Nie ma prostych rozwiązań, ale jednym z nich na pewno jest zapewnienie młodym ludziom czasu wolnego. Często dorośli mają przekonanie, że jak nastolatkowie dostaną czas wolny nie wiadomo co przyjdzie im do głowy. No i pewnie część z nich zrobi coś głupiego lub zacznie tracić czas na coś, co my uznamy za „głupotę”, ale czy my jako dorośli nie dajemy sobie do tego prawa? Czy my nie potrzebujemy czasu, żeby się „odmóżdżyć”, zrobić coś głupiego? A robimy to po to, by się odstresować. Co w takim razie mają powiedzieć młodzi ludzie, którzy bardzo często w ramach systemu edukacji funkcjonują w przewlekłym stresie, na których jest wywierana presja przez rodziców i nauczycieli, by osiągali jak najlepsze wyniki, którzy coraz więcej czasu w szkole i poza nią przeznaczają na „naukę”, choć bardzo często niczego się nie uczą – zresztą, zapytajmy samych siebie, ile my pamiętamy ze szkoły i ile tak naprawdę się w niej nauczyliśmy. Rozwiązaniem jest

też z pewnością zwiększanie świadomości na temat tego, jak może i powinna wyglądać edukacja w XXI wieku – i że na pewno nie powinna wyglądać jak szkoła rodem z XIX wieku. Nastolatkom starałem się to pokazać w mojej poprzedniej książce „Dlaczego szkoła cię wkurza i jak ją przetrwać”, w której znalazło się bardzo wiele porad na temat tego, jak uczyć się efektywnie.

Natomiast w „Wszystko, czego ci nie mówią, gdy jesteś nastolatkiem” jest sporo praktycznych wskazówek, jak rozpoznać swój potencjał i nauczyć się z niego korzystać. Jest też bardzo dużo porad dotyczących dbania o dobrostan psychofizyczny – tego, jak uczyć się optymizmu, jak rozwijać odporność psychiczną oraz jak młodym ludziom może dziś pomóc stoicka postawa.

Zobacz: Myślimy tak: „jeśli sobie odpuszczę, to niczego w życiu nie osiągnę, bo jestem leniem”

fot. iStock

Dlaczego nie warto uczyć się wszystkiego?
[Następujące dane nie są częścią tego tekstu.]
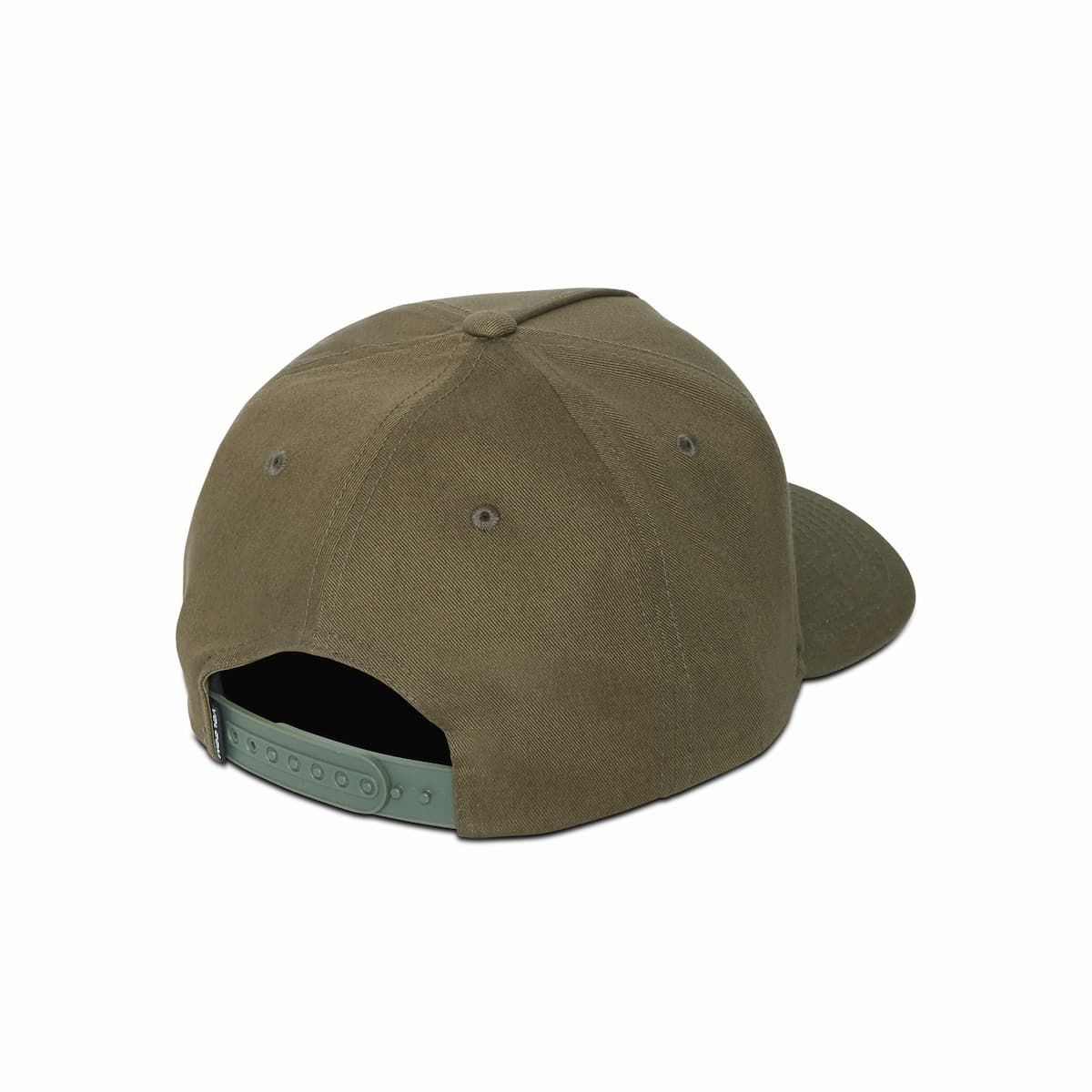 La gorra Embossed Stone verde para hombre tiene una etiqueta de garantía Volcom tejida en el cierre.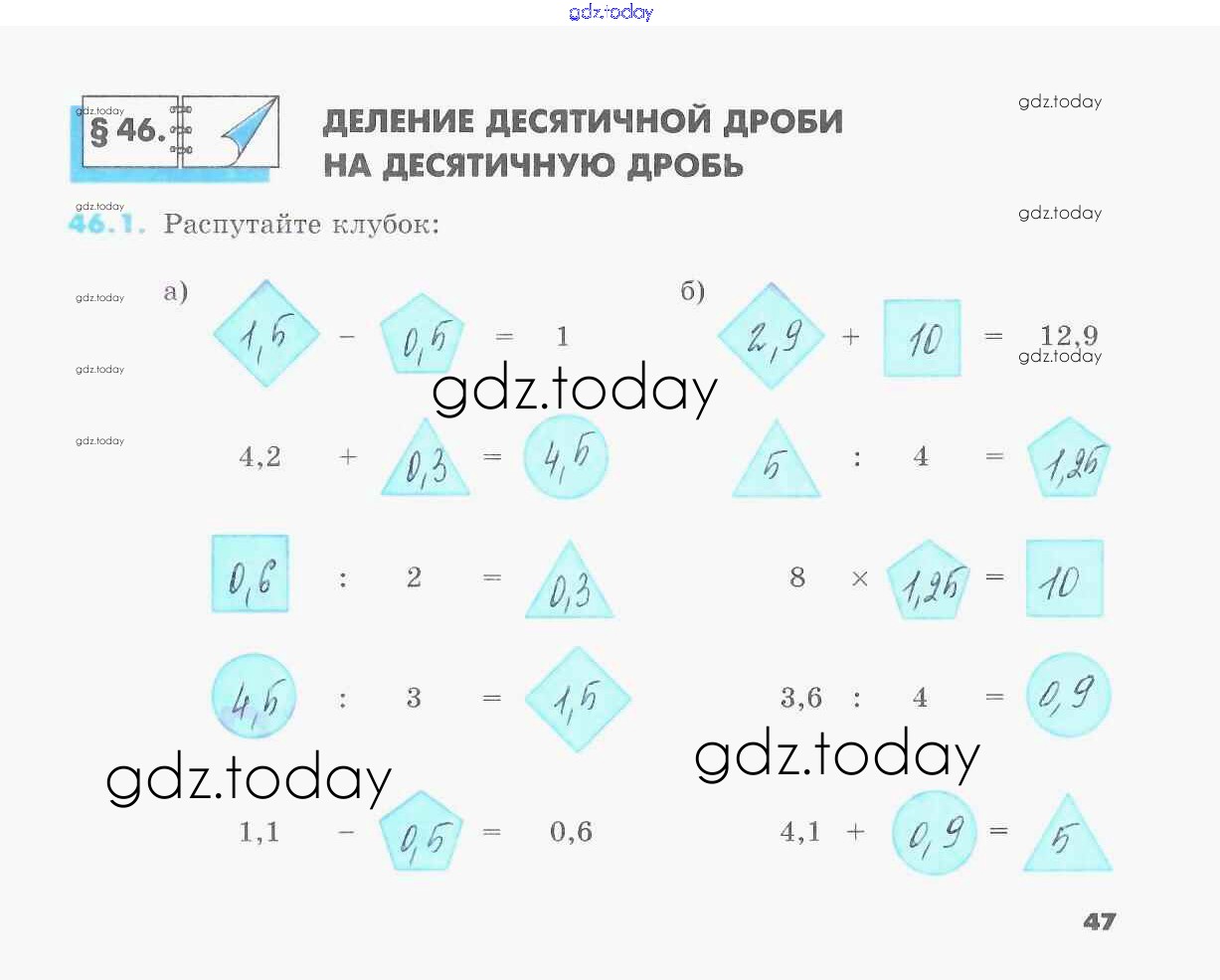 На страницах сайта gdz.today вы найдете учебный и вспомогательный материал, направленный на улучшения знаний школьной программы. ГДЗ - онлайн мир знаний Решение к §46. Деление десятичной дроби на десятичную дробь 1 Рабочей тетради по Математике для 5 класса Зубарева Мнемозина УМК 2014
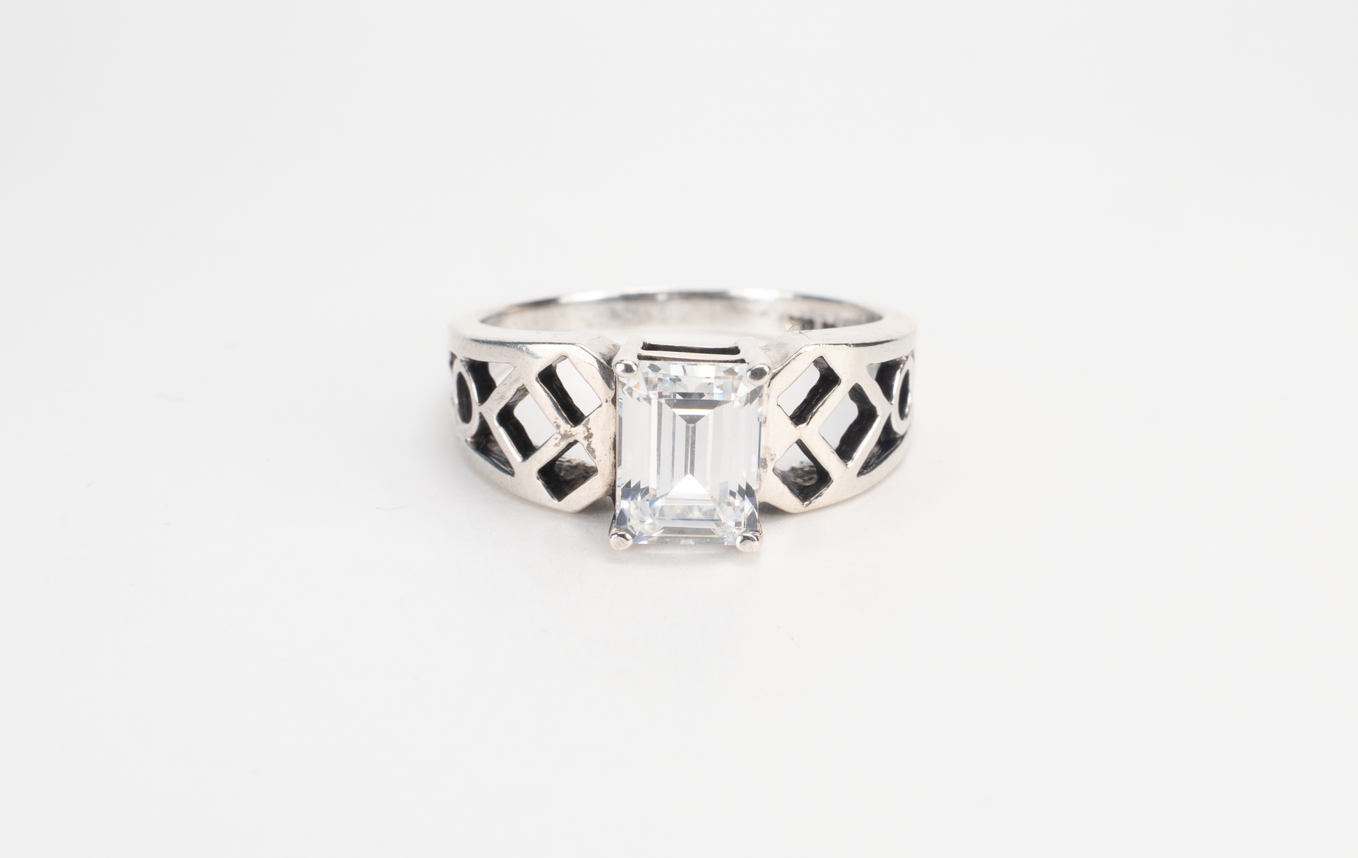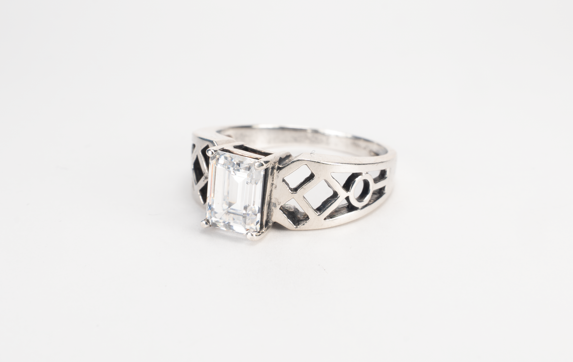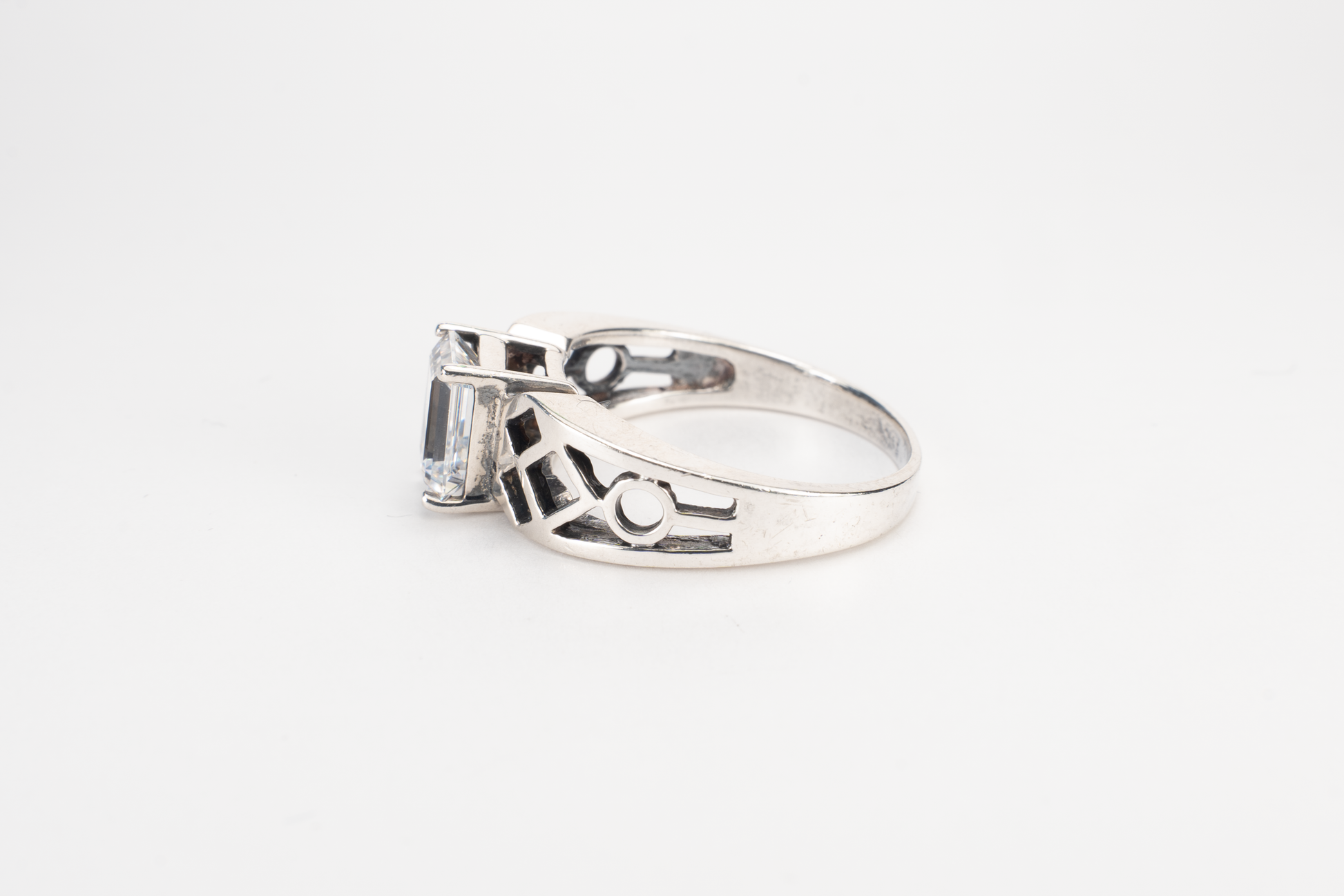 A wide band and patterned silver ring featuring a large, emerald cut zirconia stone.

Warto uczyć się wszystkiego, jeśli mamy czas i chęci. Są takie osoby, które w szkole czują się jak ryby w wodzie, bo mają odpowiednie przygotowanie i są na tym etapie rozwoju, którego akurat wymaga od nich szkoła. To oczywiście często zmienia się z czasem, pojawia się kryzys i wtedy taka osoba czuje, że zawodzi, że nie jest dość dobra. I tu zaczynają się problemy. Natomiast zdecydowana większość młodych ludzi nie potrafi się wpisać w arbitralne wymagania systemu i… to jest ok. Zarówno nastolatkowie, jak i ich rodzice powinni pamiętać, że dziś bardziej się liczy to, w czym jesteśmy naprawdę dobrzy i wyjątkowi – nie to, czy potrafimy robić to samo co wszyscy, lecz czy mamy swoją niszę i robimy coś jak nikt inny.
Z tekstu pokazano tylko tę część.